5. The Human Element: Trust and Auditability
DeLLMa is not just a technical advancement — it is a step toward responsible AI. By making uncertainty explicit, incorporating stakeholder preferences, and enabling audit trails, it supports the development of AI systems that can be trusted to assist (not replace) humans in consequential decisions. As Neiswanger notes, “letting computers find the mathematically ‘best’ solution might miss important human values or constraints.” DeLLMa respects both logic andethics.
Conclusion: Why This Work Is Important
DeLLMa represents a new frontier in AI: one where decision-making is no longer about confident predictions, but about reasoned choices under uncertainty. It moves AI closer to how humans really think — not in absolutes, but in probabilities, trade-offs, and values.
In a time when LLMs are being deployed at scale in sensitive environments, the DeLLMa framework offers a crucial safeguard: ensuring that the systems we build are not only smart, but wise.
This matters because the future of AI is not just about capability, but judgment. DeLLMa gives us a blueprint for how to embed judgment into our most powerful machines.
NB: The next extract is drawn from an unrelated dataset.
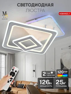 Люстра светодиодная на потолок в зал гостиную подсветкой RGB

Every AI developer, regulator, and business deploying LLMs should take note.
Recommendations:
For AI developers: Adopt frameworks like DeLLMa to ensure better uncertainty modeling in products.
For enterprises: Demand human-auditable AI systems that offer transparent reasoning, especially in decision-critical applications.
For regulators: Encourage or mandate explainability and probabilistic reasoning in LLM deployments in healthcare, finance, and public services.
For researchers: Expand DeLLMa’s approach to real-time and multi-agent decision environments (e.g., autonomous systems, emergency response, legal assistance).
This is not just good AI — it’s responsible, human-centered AI.